Team pursuit silver puts Lee in the history books
By finishing the race 1.20 seconds behind Norway, Korea won its second consecutive silver in the race. The Netherlands won bronze, clocking 3 minutes and 38.40 seconds.
Prior to the final, Korea raced New Zealand in the semifinals, where a last-minute sprint in the final lap allowed it to finish 0.71 of a second ahead.
“It’s a little disappointing because our goal was to win gold,” Lee Seung-hoon said after the race. “But we won silver because they [Chung Jae-won and Kim Min-seok] did a great job. I’m very thankful.”
Though Korea expected to face the Netherlands, which held both the world and Olympic records, in the final, instead it was Norway that won the semifinal, finishing a good 1.38 seconds ahead of the Dutch. Norway’s time of 3 minutes and 37.08 seconds in the semifinals was good enough to set a new Olympic record.
With another medal finish, Lee has won his fourth Olympic medal. This is the most number of medals won among Asian athletes at the Winter Olympics. The mass start today will be Lee’s last chance to win a medal.
“I still have another race so I’ll try harder,” Lee said on Wednesday. “We fell behind toward the end of the race. Silver is still a very special medal to us. Since we have two days until the mass start race, there shouldn’t be any problem recovering.”
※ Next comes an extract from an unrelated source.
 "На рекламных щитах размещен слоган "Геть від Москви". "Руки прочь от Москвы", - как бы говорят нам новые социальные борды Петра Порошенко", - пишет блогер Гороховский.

Since European speed skaters traditionally dominate in long-distance races, Lee’s success has set him apart from Korea’s other long-track speed skaters.
Lee’s gold in the 10,000 meters and silver in the 5,000 meters at the 2010 Vancouver Games were the biggest surprise, as no other Asian athlete had ever won either event. At the 2014 Sochi Olympics, Lee finished 12th in the men’s 5,000 meters and fourth in the 10,000 meters. He managed to win a silver medal in the team pursuit, but his disappointing results discouraged him from skating.
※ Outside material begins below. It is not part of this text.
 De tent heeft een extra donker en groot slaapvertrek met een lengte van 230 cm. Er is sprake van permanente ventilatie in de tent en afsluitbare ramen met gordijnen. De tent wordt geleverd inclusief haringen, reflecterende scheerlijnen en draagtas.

But when the mass start race was officially added to the Olympics, Lee changed his mind. Since he started his skating career as a short-track speed skater, mass start, which is raced in a format similar to short track, has always been a category Lee was confident in.
Though Lee claims his success is down to luck, his brand of luck comes from tough daily training. Lee starts his day at 5 a.m. and practices for 10 to 11 hours a day, only breaking to eat and sleep. When Lee injured his right leg at the International Skating Union (ISU) World Singles Speed Skating Championships in February, he did not take a break from training.
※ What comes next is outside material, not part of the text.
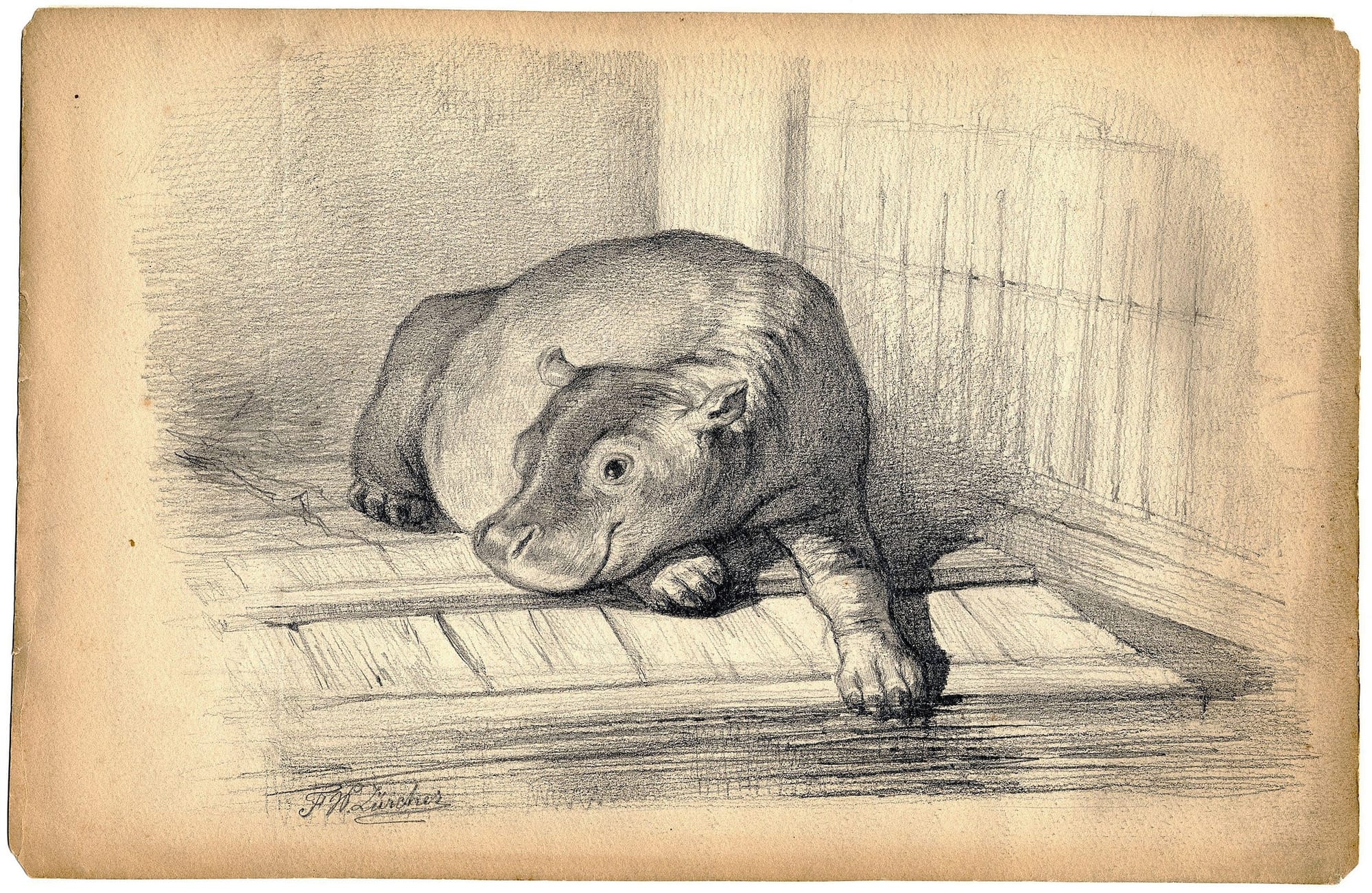 In 1865, Dutch artist Frederik Willem Zürcher drew a series of precious sketches of a baby hippo named Herman Jr. According to the City Archives Amsterdam, Herman was the world’s first hippo to survive a birth in captivity. Born to Herman Sr. and Marguetta, also called “Betsy,” he appears to have charmed his portraitist much as Moo Deng has for millions today. Zürcher drew Herman submerged in his little pool, lounging in the sun, and resting his smiling head on a pillow — but was it really there, or did the artist dream of decorating the hippo’s enclosure to keep him cozy? (If the pillow was indeed just fanciful thinking, I would certainly understand; I daydream about all the tutus I’d like to tie around Moo Deng’s chubby tummy.)

“I get tired of training but I do it every day,” Lee said back in March. “Even when I don’t think I can, I go to the rink and rest there.”
While Lee may have led the other two skaters to race as a team, he often found that he also had to train hard to make sure he didn’t fall behind. Racing along Kim and Chung, who are more than ten years younger, Lee’s leadership led to another success for the national team.
Not only was there a huge gap in age difference, there was also a huge difference in their levels when they first started training together - Lee was already a veteran and Kim and Chung were rookies.
Kim won his second medal in PyeongChang while Chung became the youngest member of the Korean national team to win a medal at the Olympics. Upon completion of the team pursuit race, Kim is now done with his Olympics.
“It was a great experience competing in the Olympics hosted in our country,” Kim said. “I’ll work harder until the Beijing Olympics.”
Although Wednesday’s race was Chung’s first time on the Olympic stage, he said the fans’ cheers helped him significantly as it allowed him to overcome his nerves before the race.
Along with Lee, Chung will compete in the mass start race tomorrow.